[PROBLEM STATEMENT]
Exactly and only the lines below from the one containing "A CAITHNESS black" down to the one containing "Ett par nästan" are wanted, both included; please exclude every picture.

[DATA SECTION]
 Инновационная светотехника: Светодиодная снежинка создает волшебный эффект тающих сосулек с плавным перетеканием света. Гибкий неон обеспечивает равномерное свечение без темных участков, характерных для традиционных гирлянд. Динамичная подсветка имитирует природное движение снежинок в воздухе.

* * *

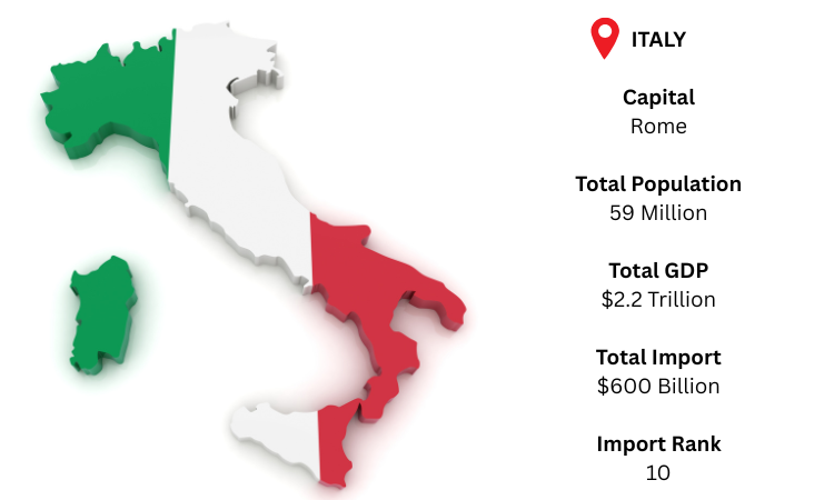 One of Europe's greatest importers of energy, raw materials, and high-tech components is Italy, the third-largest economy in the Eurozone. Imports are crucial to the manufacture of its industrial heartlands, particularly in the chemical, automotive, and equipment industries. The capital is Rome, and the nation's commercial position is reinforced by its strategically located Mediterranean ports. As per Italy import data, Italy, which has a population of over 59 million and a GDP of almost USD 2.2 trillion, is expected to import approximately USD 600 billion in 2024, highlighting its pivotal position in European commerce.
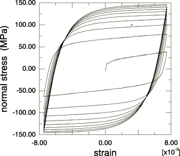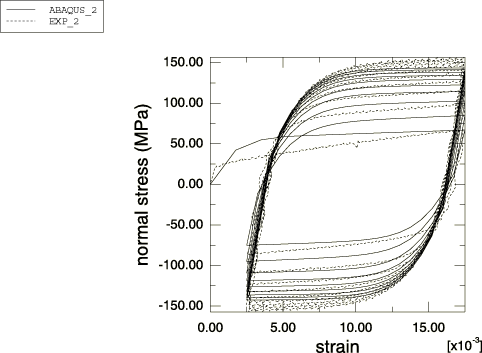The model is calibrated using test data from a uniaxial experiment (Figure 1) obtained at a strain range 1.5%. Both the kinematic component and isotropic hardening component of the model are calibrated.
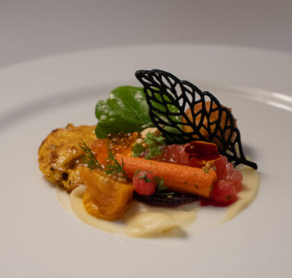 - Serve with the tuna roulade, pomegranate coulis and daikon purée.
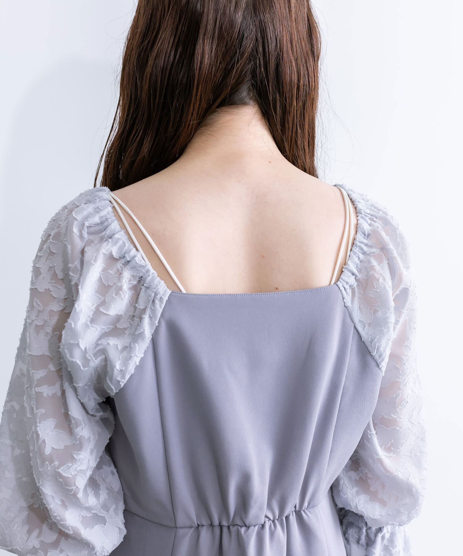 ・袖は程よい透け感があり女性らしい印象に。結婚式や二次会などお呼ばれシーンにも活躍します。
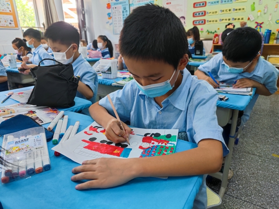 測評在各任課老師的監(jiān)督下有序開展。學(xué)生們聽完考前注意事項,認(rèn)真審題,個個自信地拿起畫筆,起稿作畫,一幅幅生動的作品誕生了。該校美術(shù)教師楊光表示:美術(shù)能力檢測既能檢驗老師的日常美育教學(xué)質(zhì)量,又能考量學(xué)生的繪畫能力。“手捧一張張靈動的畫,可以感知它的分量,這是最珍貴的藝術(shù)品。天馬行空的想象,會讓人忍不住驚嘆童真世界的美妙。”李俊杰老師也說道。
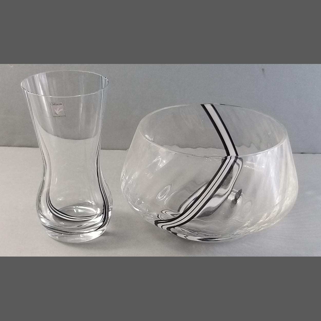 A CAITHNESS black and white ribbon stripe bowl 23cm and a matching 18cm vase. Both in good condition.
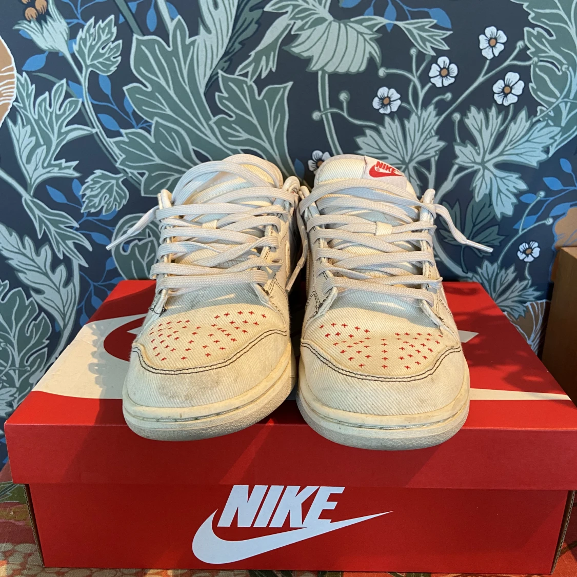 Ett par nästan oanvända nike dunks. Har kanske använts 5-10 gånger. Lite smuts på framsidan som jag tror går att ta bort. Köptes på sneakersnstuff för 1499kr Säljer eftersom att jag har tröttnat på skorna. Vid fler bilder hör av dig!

[RESULT OF THE EXERCISE]
 A CAITHNESS black and white ribbon stripe bowl 23cm and a matching 18cm vase. Both in good condition.
 Ett par nästan oanvända nike dunks. Har kanske använts 5-10 gånger. Lite smuts på framsidan som jag tror går att ta bort. Köptes på sneakersnstuff för 1499kr Säljer eftersom att jag har tröttnat på skorna. Vid fler bilder hör av dig!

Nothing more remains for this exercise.